Assumptions behind this course: a) I believe something is to be gained by coming to class, and that we all can learn a great deal from one another; b) I believe that good writing can be discussed in simple words, and exemplified, learned, practiced, and improved through imitation of models; c) I believe that the only way to improve one's writing is by much practice over a long period of time; d) I do not believe that writing is a mysterious process whose tenets can be communicated by a sort of osmosis of inspired joint-creativity; e) I think literature and writing courses in the humanities and natural sciences ought not to be centrally about politics; and, f) I have observed that people who write well are people who read a lot; thus:

1. Classwork: I want everyone to attend class faithfully, to read all the books, and to participate in class discussions. If you miss a shorter writing assignment or one of the three in-class essays, you are expected to do the shorter writing assignment at home on the computer or a typewriter and in lieu of the in-class essay in class a 3 page typed or printed book review of the book. I will accept nothing hand-written from home. I ask that you limit your unexcused absences to a minimum; I regard weeks' of absence as one basis for a failing grade. In this class you will find that continual absence is the road to bewilderment.

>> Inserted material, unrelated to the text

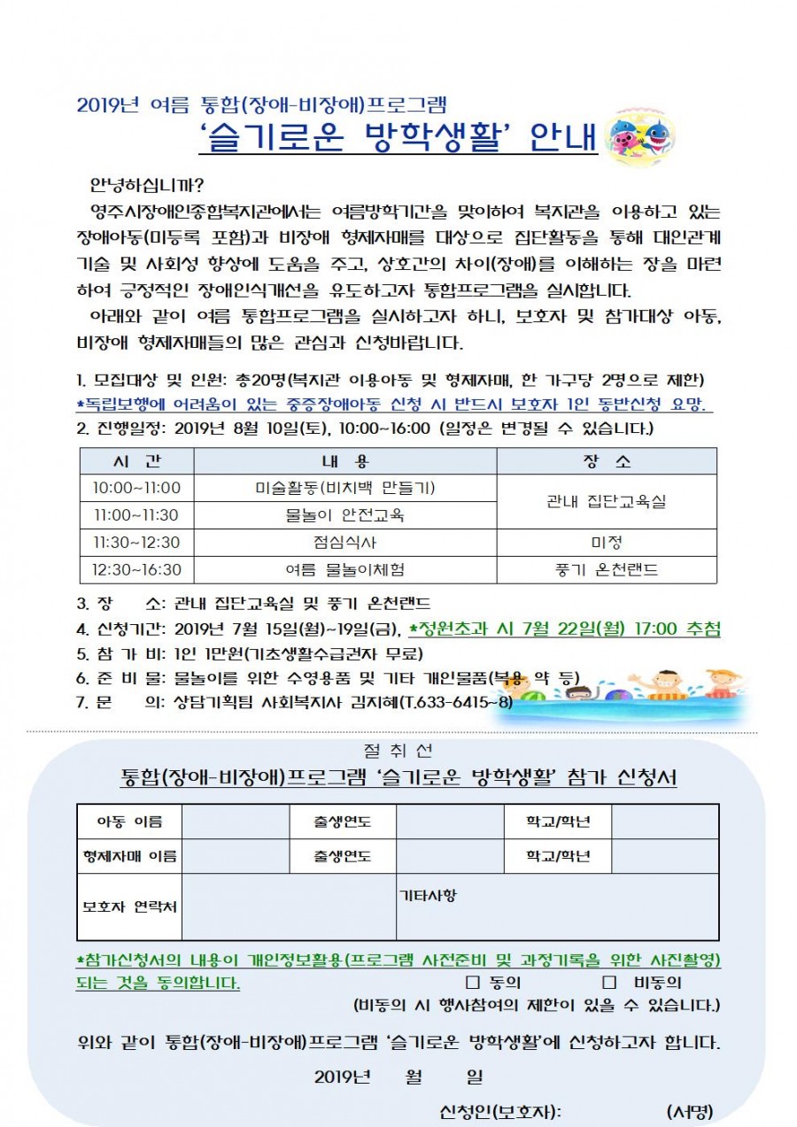 2019년 장애-비장애 통합프로그램 '슬기로운 방학생활' 참가자 모집 안내

2. Writing Assignments: I have allowed: a) sufficient time for revision of each essay; b) time for work as a group so we may define, and see how one goes about doing the various kinds of mental jobs and writing that make up a clear essay; c) time for discussing student models to help you see what is expected and give you ideas on how to go about a particular task; and d) time for the class to turn into a sort of "group workshop" to listen to one or more of the essays someone in the class has written. For each of the essays assigned I will give out student models which we will use as "handles" to give everyone ideas and patterns which can help in figuring out in a conscious unfrightened way the kind of organization and thinking which best suits a topic and the tasks one must do before and during writing a particular composition.

I will, in turn, try my best to write comments on your essays which will help you see how better to write clearly and gracefully and how better to organize your thoughts--the latter the hardest task of all and one people can be helped with.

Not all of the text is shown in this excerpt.